◆ **Information shown**
====
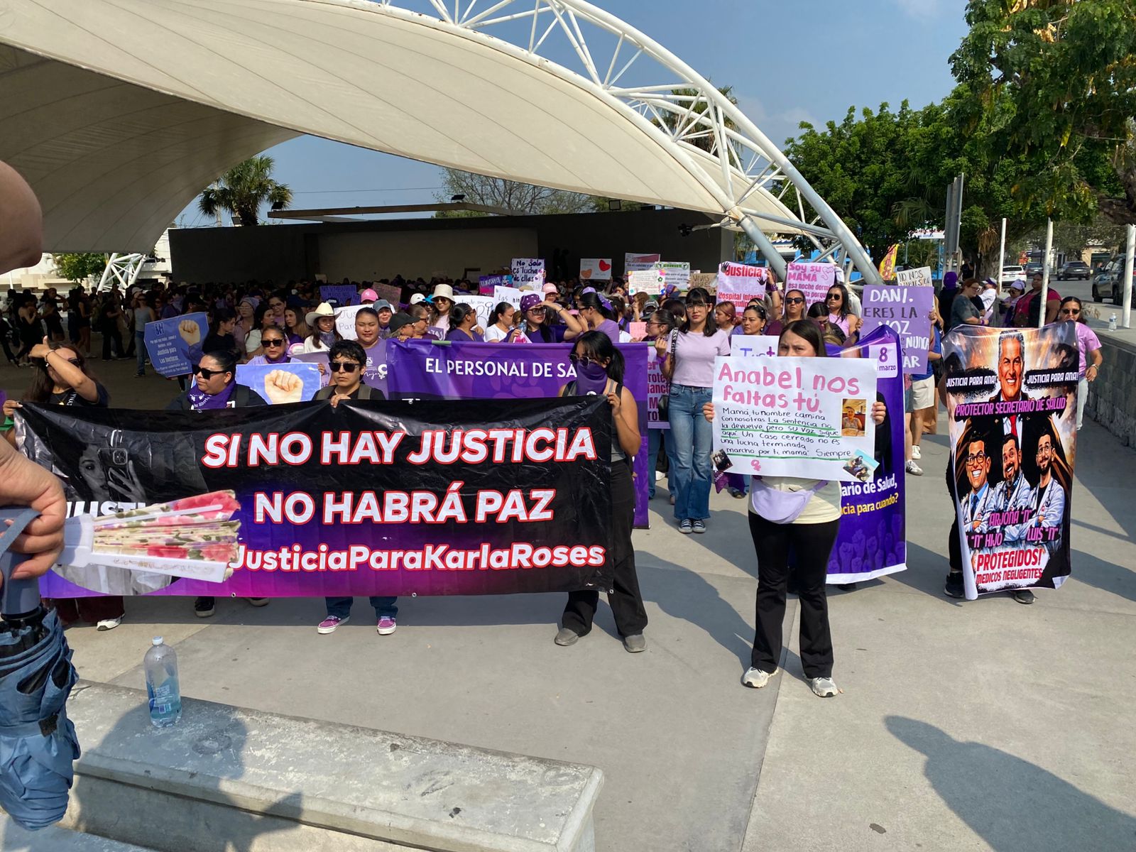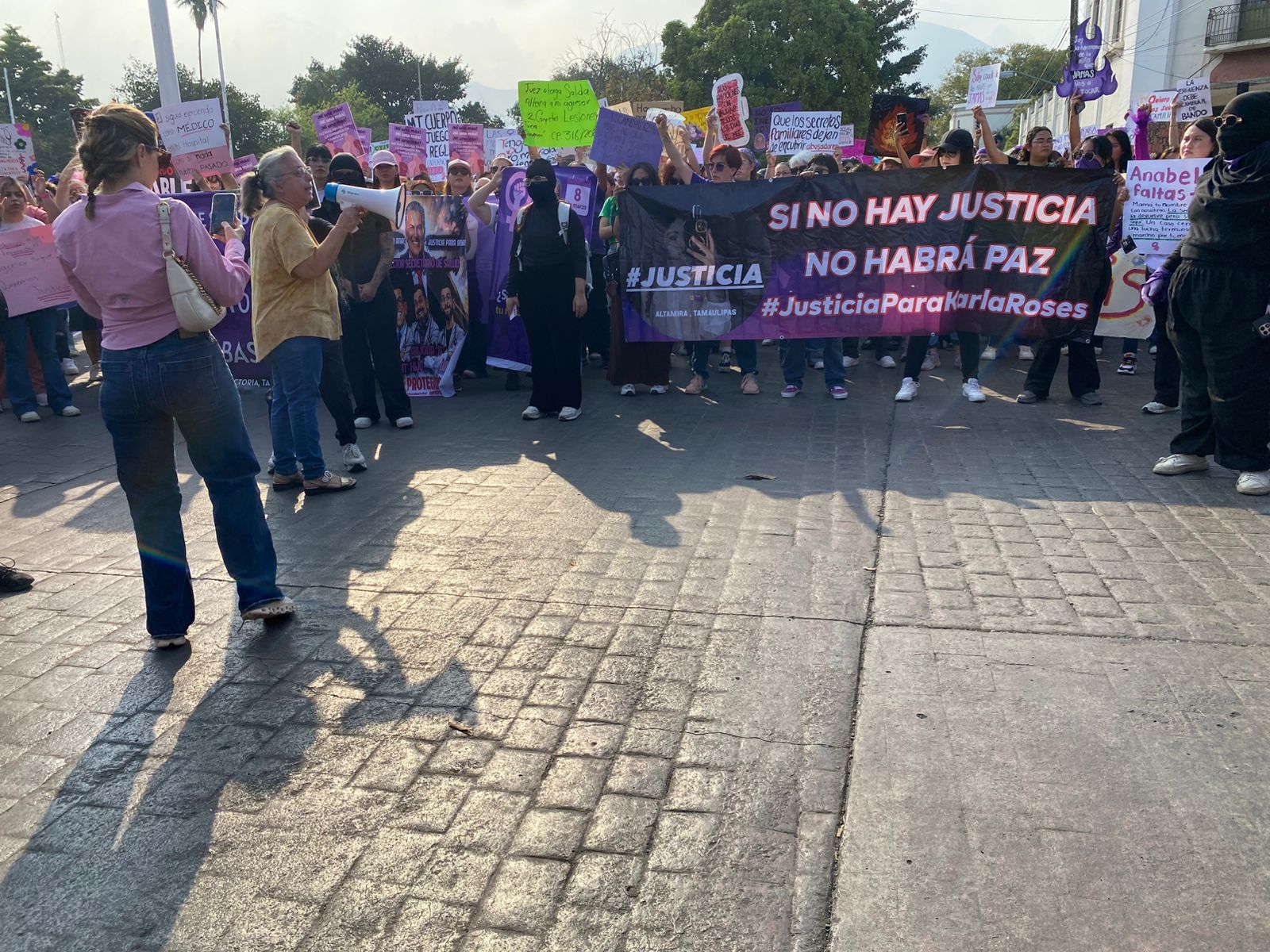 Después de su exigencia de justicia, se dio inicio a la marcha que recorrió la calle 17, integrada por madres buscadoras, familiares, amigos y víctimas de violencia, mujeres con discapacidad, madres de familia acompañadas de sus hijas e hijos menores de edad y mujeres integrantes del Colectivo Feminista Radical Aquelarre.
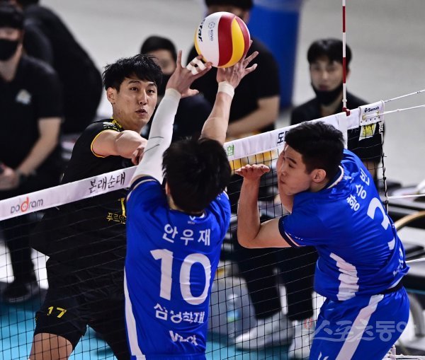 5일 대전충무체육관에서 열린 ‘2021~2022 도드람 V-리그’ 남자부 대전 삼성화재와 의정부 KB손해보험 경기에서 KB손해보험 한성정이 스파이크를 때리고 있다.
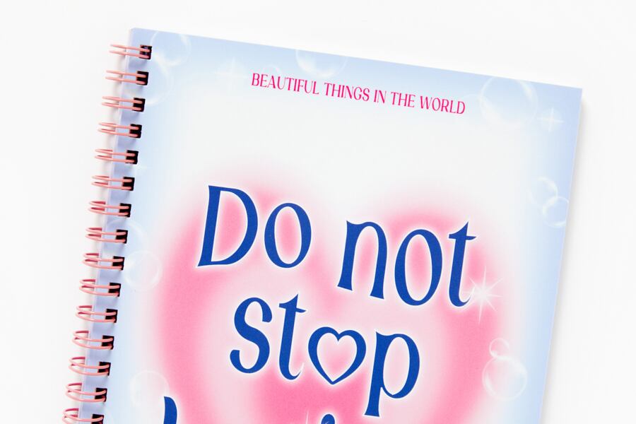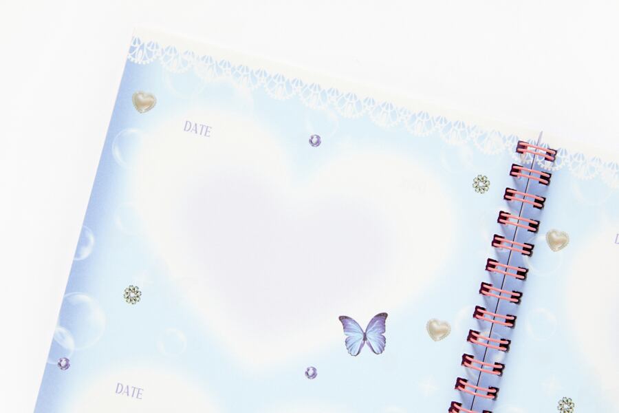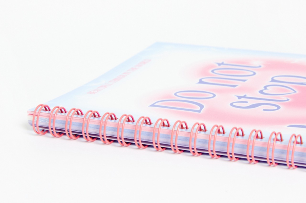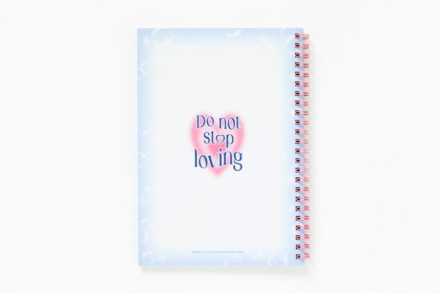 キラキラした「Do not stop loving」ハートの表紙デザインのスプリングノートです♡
====
◆ **Work to complete**
With the pictures left out, copy exactly the lines from the one containing "5일 대전충무체육관에서 열린" through the last line of the data.

◆ **Task result**
 5일 대전충무체육관에서 열린 ‘2021~2022 도드람 V-리그’ 남자부 대전 삼성화재와 의정부 KB손해보험 경기에서 KB손해보험 한성정이 스파이크를 때리고 있다.
 キラキラした「Do not stop loving」ハートの表紙デザインのスプリングノートです♡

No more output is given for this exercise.